Still, his altruism in general toward his fellow man did not deflect him from more personal rivalries. One of his last official acts was to lobby against a proposal to erect a statue in memory of Charles Darwin. In this he failed—though he did achieve a certain belated, inadvertent triumph. Today his statue commands a masterly view from the staircase of the main hall in the Natural History Museum, while Darwin and T. H. Huxley are consigned somewhat obscurely to the museum coffee shop, where they stare gravely over people snacking on cups of tea and jam doughnuts.

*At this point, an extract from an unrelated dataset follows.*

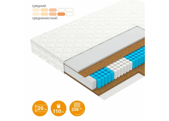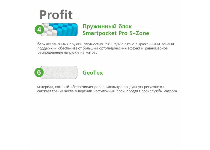 Блок независимых пружин Smartpocket Pro 5-Zone (каждая пружина в отдельном чехле из спанбонда) и рассчитана на определённую нагрузку для точечной поддержки. Это достигается использованием пружин разной жесткости, что дает заметное улучшение ортопедических свойств. Оптимизирует давление и наилучшим образом осуществляет функциональную поддержку позвоночника и обеспечивает индивидуальную жесткость для каждой зоны тела человека, что способствует хорошему сну и отдыху. Плотность – 256 пружин на м. кв.

不过,他对人类的无私精神并没有使他忘记自己的对手。他最后一个正式举动是到处游说,反对一项关于修建纪念查尔斯·达尔文的雕像的建议。他的这次努力没有成功——虽然他无意之中为自己赢得了一个胜利,只是晚了一些。今天,他自己的雕像从自然史博物馆大厅的楼梯上像主人般地俯瞰着下面,而达尔文和赫胥黎的雕像却不大显著地放在博物馆的咖啡店里,以严肃的目光凝视着人们喝茶,吃果酱炸面包圈。

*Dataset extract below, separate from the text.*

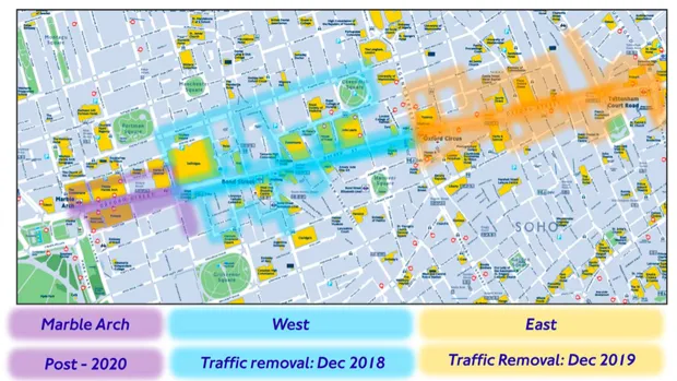 牛津街的步行化非常棘手,因为周围的城市在任何人想到内燃机之前就已经布局。这个街道(至少在某种意义上)几乎有两千年的历史,沿着古罗马道路Via Trinobantina的路径延伸到伦敦的西部。虽然按照伦敦的标准它相对宽阔,但它坐落在狭窄且迷宫般的街道之间,这意味着很长一段时间内,试图穿越城市的公交车和送货车辆几乎没有可行的替代路线。

It would be reasonable to suppose that Richard Owen's petty rivalries marked the low point of nineteenth-century paleontology, but in fact worse was to come, this time from overseas. In America in the closing decades of the century there arose a rivalry even more spectacularly venomous, if not quite as destructive. It was between two strange and ruthless men, Edward Drinker Cope and Othniel Charles Marsh.
有理由认为,理查德·欧文那心胸狭窄的对抗行为,标志着19世纪的地质学进入低谷,但更严重的对抗即又发生,这一次来自海外。在那个世纪的最后几十年里,美国也发生了一次对抗,其程度要恶毒得多,尽管破坏力没有那么大。这场对抗发生在两个古怪而又冷酷的人之间:爱德华·德林克·柯普和奥斯尼尔·查尔斯·马什。
They had much in common. Both were spoiled, driven, self-centered, quarrelsome, jealous, mistrustful, and ever unhappy. Between them they changed the world of paleontology.
他们有许多共同之处。两个人都已被宠坏,有紧迫感,以自我为中心,动辄吵架,妒忌心强,不信任别人,老是郁郁不乐。他俩一起改变了古生物学界。